So, how about our lead, Shinpei? As the main lead, it would be all too easy to leave him relatively flavorless, but that’s not what Summertime Render does. Shinpei is very smart and thoughtful. He has a way of seeing through problems, thinking objectively or “taking a bird’s eye view” in order to analyze the situation, making him the Holmes in the mystery aspects of Summertime Render. He has an incredible willpower to get through terrible things… but he’s not without his weak spots, particularly when it comes to the people he cares about. Having Mio, Ushio, or his friends in danger can make Shinpei slip up, which helps him to be more human or relatable. He may be the “Holmes” type in that he’s the intelligent one making deductions most of the time, but he’s not as imbalanced or amoral as Sherlock himself. In the web of romantic entanglements that’s all over Summertime Render (the highly important yet still background romance being another element that’s familiar to Steins;Gate and KagePro), Shinpei has caught the interest of both Kofune girls, Mio and Ushio, and himself has feelings for Ushio made complicated by the fact that she’s at least mostly dead.

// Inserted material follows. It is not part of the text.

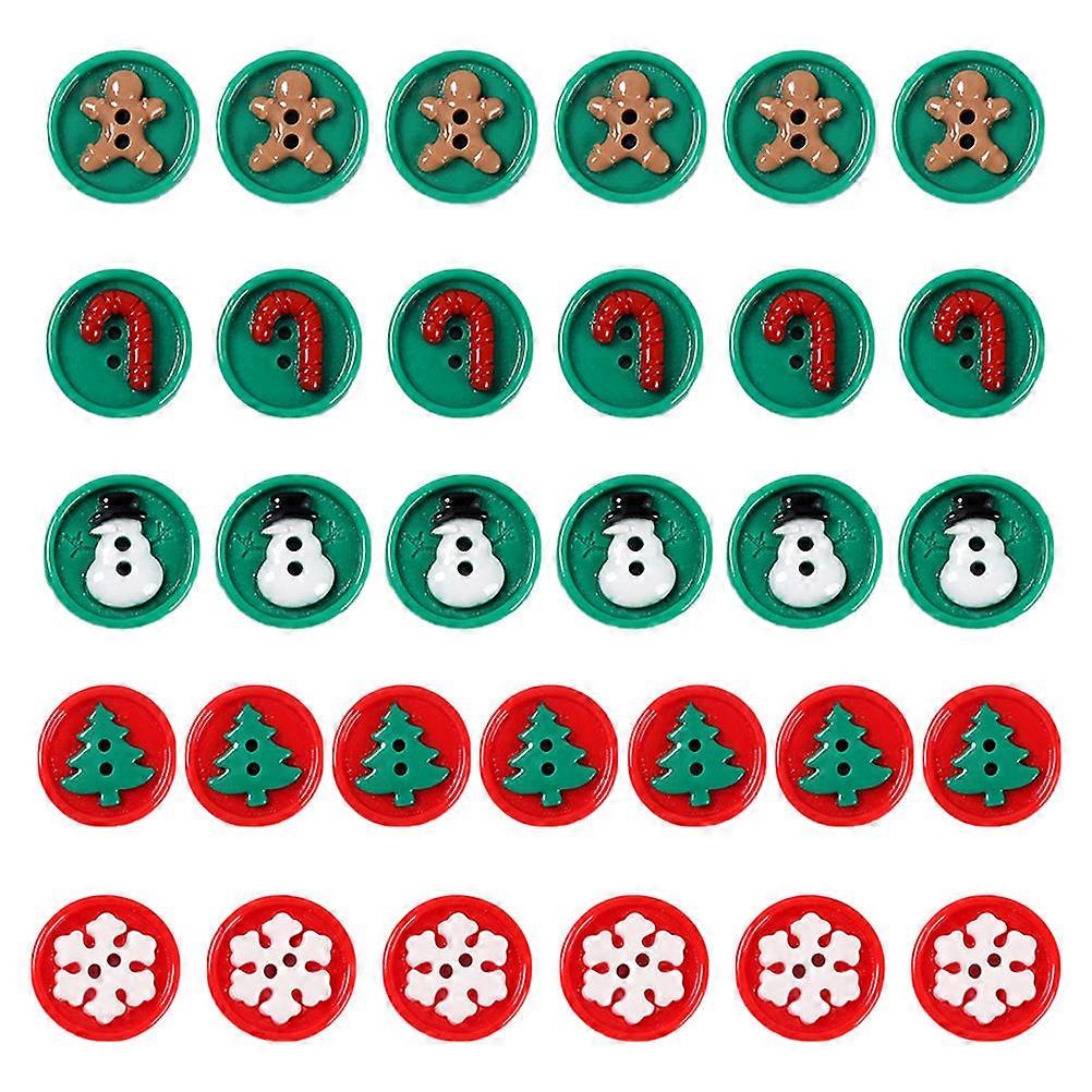 50pcs Christmas Resin Buttons DIY Sewing Accessories Snowman Tree Snowflake Gingerbread Candy Cane for Coats Sweaters Crafts

That brings us to the most critical secondary character in the first three loops, Mio. Mio’s most notable trait is her kindness, and I’d be lying if I said she didn’t spend most of the story largely as a waif in need of protection. She likes Shinpei, and while he may not be romantically interested in her, she’s still very important to him. Sou likes her, and while she may not be interested back (pining for Shinpei as she does) they’re still close. She’s even closer with Sou’s sister, Tokiko, who seemed to be an insider to the whole evil shadow master plan until Shide and Haine backstabbed whatever stake she had there at the end (particularly when it came to Mio, who Tokiko wanted protected). That said, a good deal of weight is given to Mio’s feelings,and it’s clear she has a time grappling both with the Shadow situation and with her elder sister’s death.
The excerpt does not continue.